В своей книге «Поэтика Осипа Мандельштама» О. Ронен, конечно, не мог обойти знаменитую, как принято ее называть, «эпиграмму» Мандельштама на Сталина. (Слово «эпиграмма» я тут взял в кавычки, поскольку эта «эпиграмма», как пренебрежительно именовали это стихотворение некоторые современники, на мой взгляд, несет в себе заряд огромной поэтической силы.) Образ тирана, запечатленный в этих шестнадцати строчках, при всей своей лубочности («Тараканьи смеются усища и сияют его голенища») словно вырублен из цельного куска и по-своему монументален. («Его толстые пальцы, как черви, жирны, и слова, как пудовые гири, верны…», «Как подковы кует за указом указ, – кому в пах, кому в лоб, кому в бровь, кому в глаз…»). И даже одного только первого двустишия, в котором отчаяние поэта отлилось в чеканную и емкую поэтическую формулу («Мы живем, под собою не чуя страны, наши речи за десять шагов не слышны…») было бы довольно, чтобы поставить это стихотворение в один ряд с пушкинскими строчками: «Беда стране, где раб и льстец одни приближены к престолу…» и лермонтовским: «Страна рабов, страна господ».
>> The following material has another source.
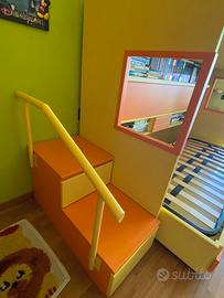 Letto a castello con ponte mobile per salire sul letto superiore. La struttura è molto solida e si muove su ruote.

По-разному можно относиться к этой мандельштамовской «эпиграмме». По-разному можно ее и анализировать.
Омри Ронен в своей книге делает это так:
В ней Мандельштам возродил традицию фольклоризованной гражданской сатиры XIX века с той постановкой «русского голоса», которая вызывает в памяти, в первую очередь, «народный стиль» гр. А.К. Толстого. Своим ритмико-интонационным строем, риторикой негодования, смягченного просторечивым юмором и позой простодушного изумления, и несколькими конкретными деталями эти знаменитые стихи восходят к не менее знаменитой «песне» Толстого «Поток-Богатырь». Сходство между некоторыми строками можно указать вполне отчетливо:
Мы живем, под собою не чуя страны,
Наши речи за десять шагов не слышны…
Там припомнят кремлевского горца,
А вокруг него сброд тонкошеих вождей…
Что ни казнь у него, то малина.
Ср.:
Под собой уже резвых не чувствует ног…
И пытает у встречного он молодца:
«Где здесь, дядя, сбирается вече?»
Но на том от испугу не видно лица:
«Чур меня, – говорит, – человече!»
Обожали московского хана
А кругом с топорами идут палачи,
Его милость сбираются тешить,
Там кого-то рубить или вешать.
Этот подтекст, кажется, объясняет, почему строка о душегубце и мужикоборце была исключена Мандельштамом из окончательной версии стихотворения: она могла напомнить об оскорбительно прозвучавших бы теперь шуточках Потока: «Есть мужик и мужик: / Если он не пропьет урожаю, / Я тогда мужика уважаю»; «Ведь вчера еще, лежа на брюхе, они / Обожали московского хана, / А сегодня велят мужика обожать» и т. п. [51]
Сопоставление это не только абсурдно. В данном случае оно еще и оскорбительно. И дело тут не только в том, что исследователь тут попал пальцем в небо, что А.К. Толстой со своим богатырем Потоком тут совершенно не причем. Сопоставление это – помимо чудовищных по своей бестактности (по отношению именно к этому стихотворению) словечек: «риторика» и «поза» – коробит тем, что в нем особенно резко, не просто в комической, а именно в оскорбительной форме проявился коренной порок всех этих интертекстуальных анализов, за которыми – хочет этого аналитик или не хочет – стоит убеждение, что стихи рождаются от стихов. На самом же деле они рождаются от травм, ушибов, ссадин и кровоподтеков, которые оставляет в душе поэта (а нередко и на его теле) жизнь.
Стихотворение Мандельштама «Мы живем под собою не чуя страны…» не просто крик. Это – вопль отчаяния, рожденный каждодневными, ранящим его душу столкновениями с той жизнью, какой ему – и его современникам – выпало жить.